DATA EXCERPTS:

*-*-*

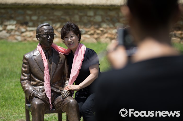 (음성=포커스뉴스) 관광객들이 27일 오후 충북 음성군 원남면 반기문 UN사무총장 생가 앞에 설치된 동상과 기념촬영하고 있다.
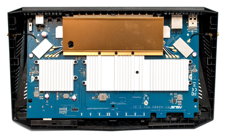 Внутри корпуса находится печатная плата, на которой заметны пара невысоких радиаторов и золотистая металлическая пластина, выполняющая, по большей мере, декоративную функцию. Следует отдать должное системе охлаждения, которая демонстрирует приемлемую эффективность и неплохо справляется со своими обязанностями. В прошивке нет средств контроля температуры, однако, за все время тестов маршрутизатор работал стабильно даже в режиме максимальной нагрузки, в то время как его корпус оставался едва теплым. Но, конечно, не следует помещать устройство в плохо проветриваемые ниши и следит за чистотой его вентиляционных решеток.
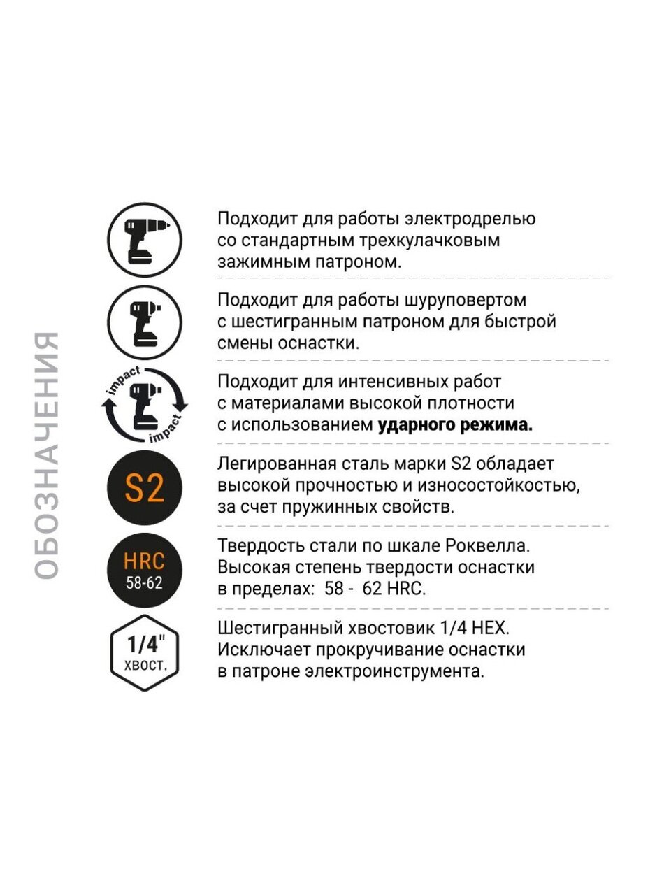 - Биты имеют зону Torsion, позволяющую выдерживать большие нагрузки при кручении.
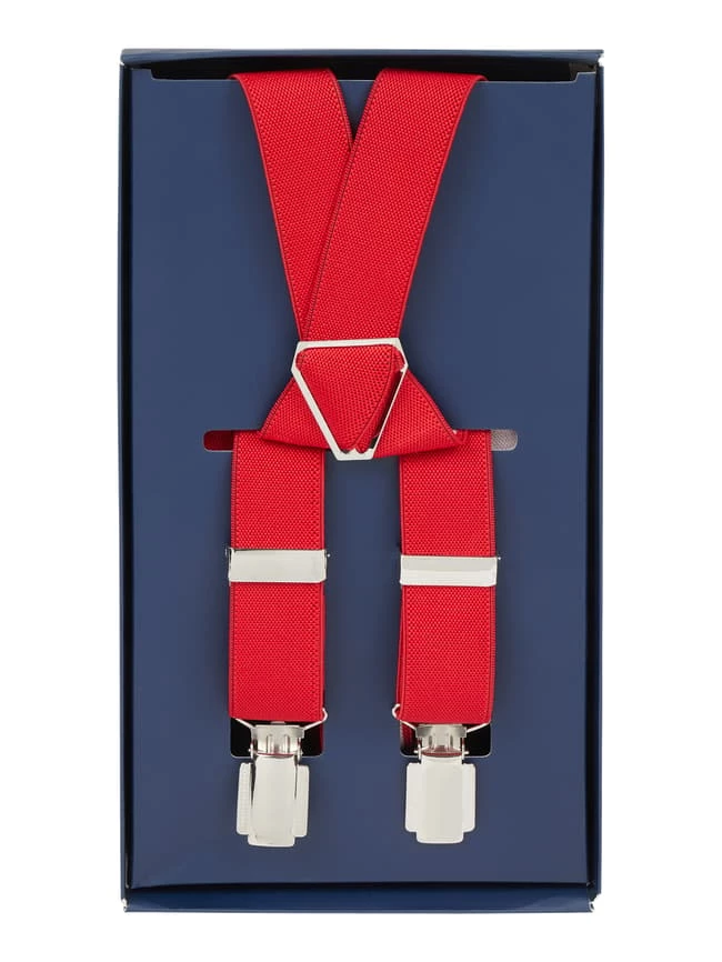 Die Hosenträger von Willen sind aus Satin gefertigt und in Y-Form gehalten. Sie kommen im Set mit vorgebundener Fliege.
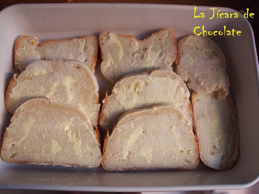 6. Bañamos, las rebanadas de la fuente, con la mitad de la mezcla de leche y nata (crema de leche) que teníamos reservada.

*-*-*

Print exactly the line containing "- Биты имеют" and every line after it through the final line above, and leave all pictures out.

EXPECTED ANSWER:
 - Биты имеют зону Torsion, позволяющую выдерживать большие нагрузки при кручении.
 Die Hosenträger von Willen sind aus Satin gefertigt und in Y-Form gehalten. Sie kommen im Set mit vorgebundener Fliege.
 6. Bañamos, las rebanadas de la fuente, con la mitad de la mezcla de leche y nata (crema de leche) que teníamos reservada.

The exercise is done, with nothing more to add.